2. The battery assembly according to claim 1, wherein at least a portion of the busbar is inserted into the rail.
3. The battery assembly according to claim 1, wherein the rails are provided in pairs, and the pair of rails are arranged in the vertical direction.
4. The battery assembly according to claim 1, wherein the rail is configured to have electrical insulating properties.

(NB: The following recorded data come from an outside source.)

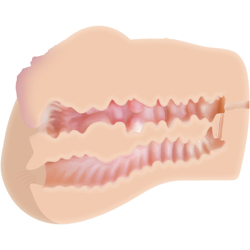 Fulfill your double fantasy with this two-channel stroker that lets you slip through the front door and bang the back door as hard as you want! Crafted with super-stretchy and pliable TPE rubber that moves with your body as you thrust, use the hips to hold on, and dive into that pink sweet spot primed with complimentary ZT lube. Feel the life-like tight fits of vaginal and booty canals all around you as you watch the notorious Dani Daniels for some superhot hardcore inspiration!
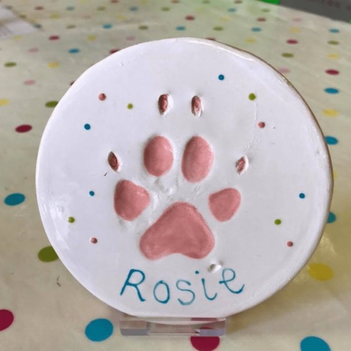 To make this the best experience for your pup, it will be best to wait until they are a bit more relaxed after a long walk or a day of daycare. Shape the clay into a rounded disk. Press your pup’s paw firmly into the clay, ensuring the pawprint is evenly pressed for a clear print. Refer to the directions on your clay kit for baking temperatures and times to solidify your project. Wash your pup’s paw to ensure all clay has been removed. If you are interested in decorating, add paint or glitter to your final project after the clay has hardened.
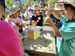 夏の暑さがやわらぎ、季節の移り変わりを感じることができるようになってきました。園でも野菜の収穫を楽しんできましたが、お月見は自然の恵みへの感謝や、来年が豊作であることを願う行事です。その際にススキや月見団子をお供えして月を愛でます。(お芋の収穫を特に感謝することからお芋を供えることも!)季節の行事の準備を子ども達と一緒にしながらその意味に触れたり、興味をもったりしながら文化を大切にすることができたらいいなと思っています。月が見える玄関に飾っていますので、ご来園の際はご覧ください。
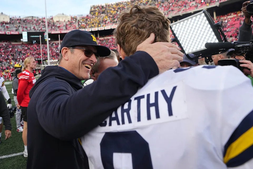 Michigan Wolverines head coach Jim Harbaugh hugs quarterback J.J. McCarthy following their 45-23 win over the Ohio State Buckeyes in the NCAA football game at Ohio Stadium on Nov. 26, 2022.

5. The battery assembly according to claim 1, further comprising a stopper provided on the rail to limit the range of movement of the bus bar.
6. Multiple busbars are provided, The battery assembly according to claim 5, wherein the stopper is positioned between a plurality of bus bars.
7. The battery assembly according to claim 5, wherein the stopper is fixed to the rail.
8. The battery assembly according to claim 5, further comprising a fixing member for fixing the stopper to the rail.
9. The battery assembly according to claim 5, wherein the stopper is configured to have electrical insulating properties.
10. The rails are provided in pairs, and the pair of rails are arranged in the vertical direction. The battery assembly according to claim 5, wherein the stopper extends in the vertical direction and has both ends provided on a pair of rails.
11. The battery assembly according to claim 1, further comprising a frame provided in the case and on which the rails are attached.
12. Each of the aforementioned battery cells is, A storage compartment for housing the electrode assembly, A sealing section extending forward from the aforementioned storage section, Includes an electrode lead protruding forward from the sealing portion, The aforementioned battery assembly is The battery assembly according to claim 11, further comprising a terrace support portion extending rearward from the frame and supporting the sealing portion.
13. The battery assembly according to claim 11, further comprising a guide extending rearward from the frame and located above a plurality of the battery cells.
14. A battery pack comprising the battery assembly according to any one of claims 1 to 13.
15. An automobile comprising the battery assembly according to any one of claims 1 to 13.